The university’s architectural community revived a proposal that could make the Bucky Dome the first R. Buckminster Fuller memorial on campus.
Fuller taught at SIU for 12 years and wrote more than 30 books and 25 U.S. patents during his tenure. He popularized the geodesic dome structure and was in turn rewarded with achievements.
Fuller was featured on the Jan. 10, 1964 cover of Time magazine for his work with geodesic domes. He was also awarded the Presidential Medal of Freedom Award by Ronald Reagan in 1983, which is one of the highest awards given to a civilian for meritorious service.
The Fuller Future Festival is a group dedicated to honoring Fuller’s outstanding life and achievements. The group held a presentation Wednesday that displayed Bucky artifacts to inspire future students.

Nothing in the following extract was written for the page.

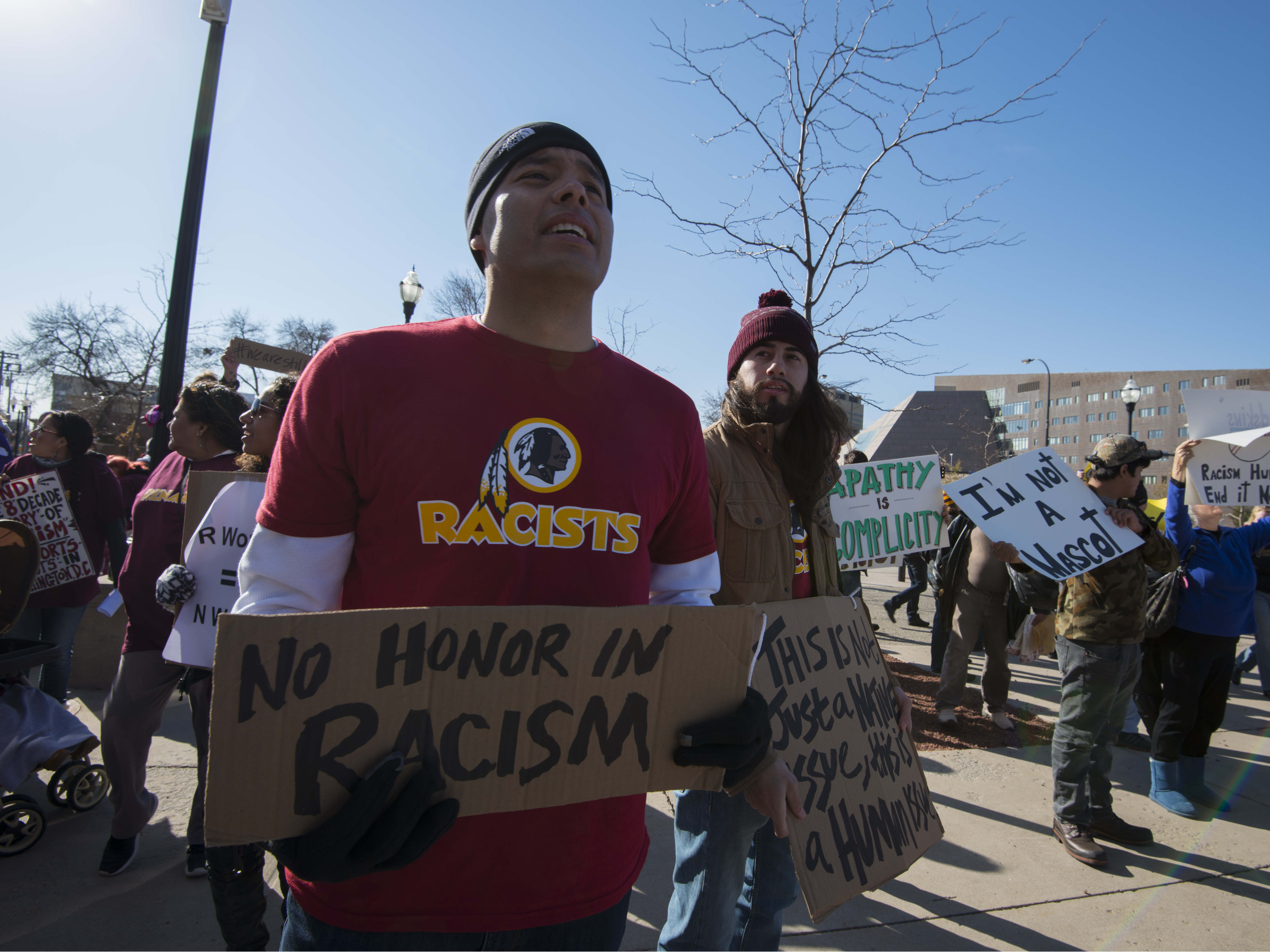 Protest of Washington NFL team

“I think it is important we get information about Buckminster Fuller out,” said Brent Ritzel, co-director of the Fuller Future Festival. “He is an influential figure in SIU’s past and deserves recognition.”
The Green Fund proposal requests SIU support to purchase and renovate the Bucky Dome, a geodesic dome located on the east side of Quigley Hall. Dome Inc., a company that specializes in geodesic domes, wants to donate the structure if it becomes a memorial, said Jon Davey, a professor of architecture.

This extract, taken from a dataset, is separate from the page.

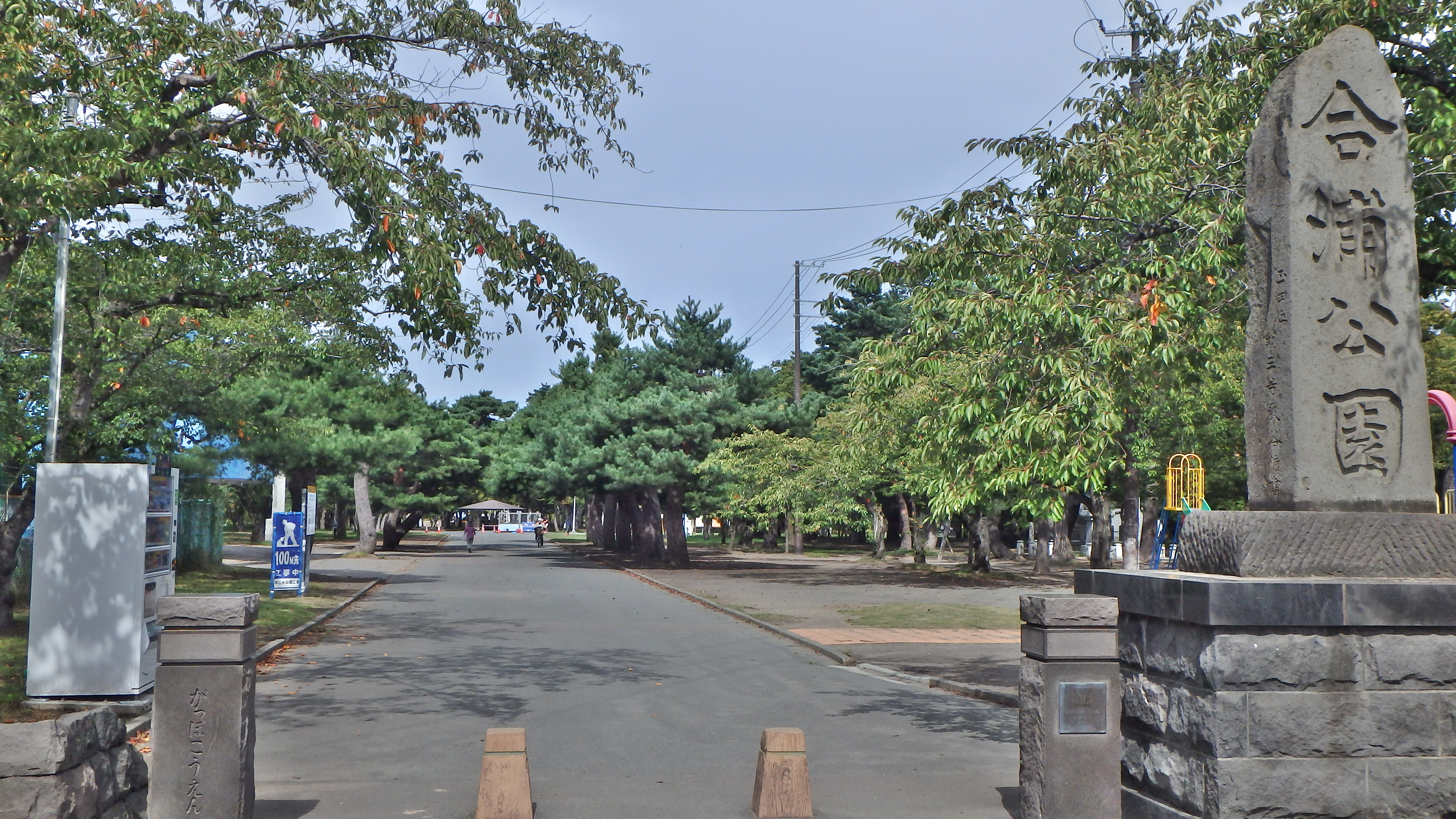 Gappo-kōen Park ,Aomori prefecture,Japan

Students and faculty said Fuller is a significant figure in SIU history and should be recognized.
“R. Buckminster Fuller is one of the most renowned figures in southern Illinois history, and this would make the Bucky Dome the first memorial of him,” said Joshua West, a junior from Trenton studying architecture.

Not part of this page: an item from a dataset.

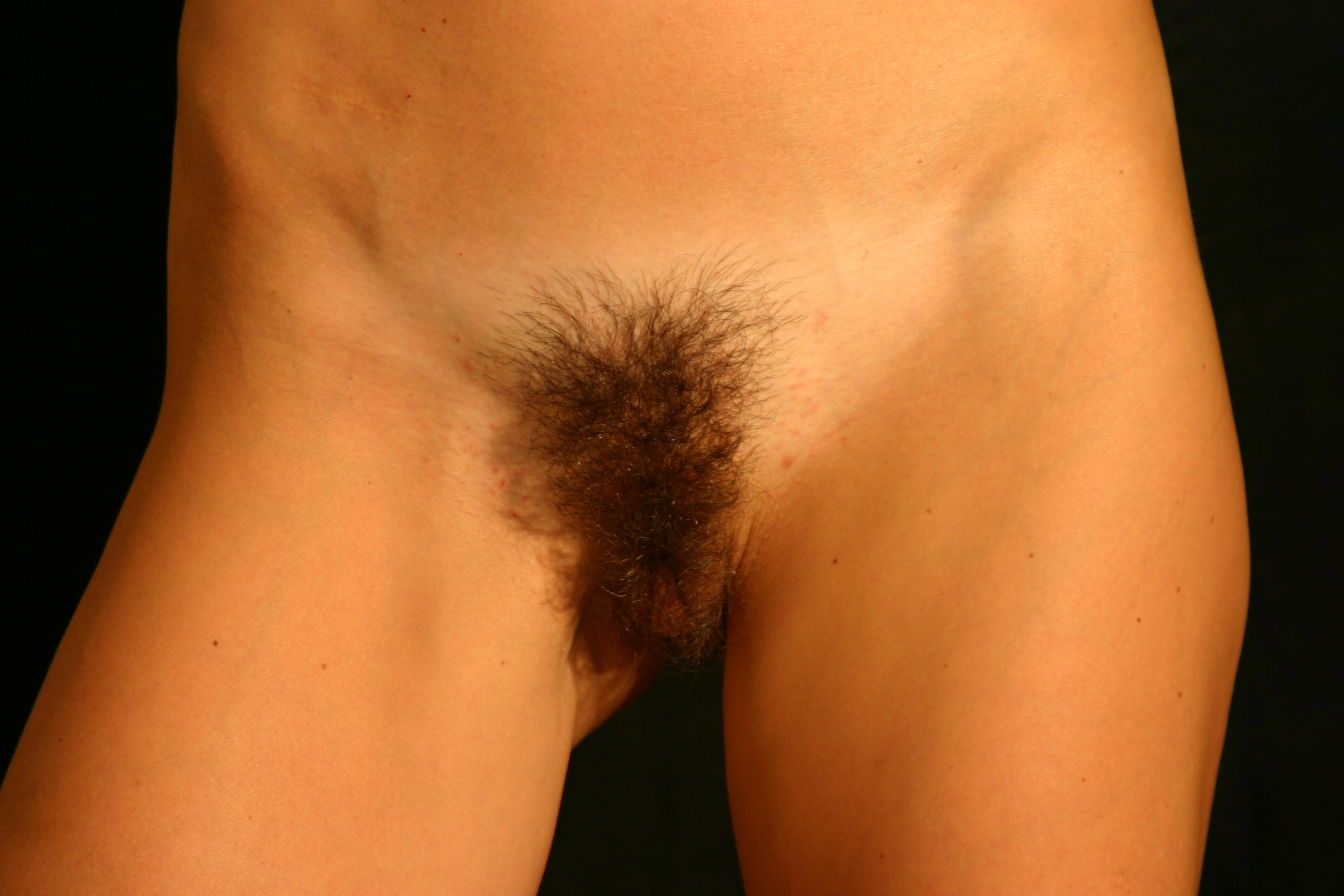 Pubic Hair (natural, untrimmed) Front view

The Bucky proposal would allow for a new foundation for mulch to be laid for the dome. A memorial plaque would also hang in front of the dome outside of Quigley Hall to commemorate Fuller’s years of service and dedication to the university.
The new proposal would also allow funding for the dome to come from the SIU Green Fund.
Students are charged a $10 fee for the Green Fund every year that helps fund for on-campus energy efficiency, renewable energy and sustainability projects and research.
The Green Fund has contributed money for campus groups such as the Campus Sustainability Project, Plant and Service Operations and the Student Recreation Center’s Green Team.
Some students wonder why their Green Fund money doesn’t go toward the dome already. Instead of waiting on the university, some students have begun to take the dome funding into their own hands.
A group of undergraduates have begun to create an online Kickstarter program in fear that the bill will not succeed again. The Kickstarter would allow anyone to donate online. However, some faculty do not understand why students should have to take money out of their own pockets.
“It’s surprising that students have to go out and get money when they already are donating towards a fund every year,” Davey said.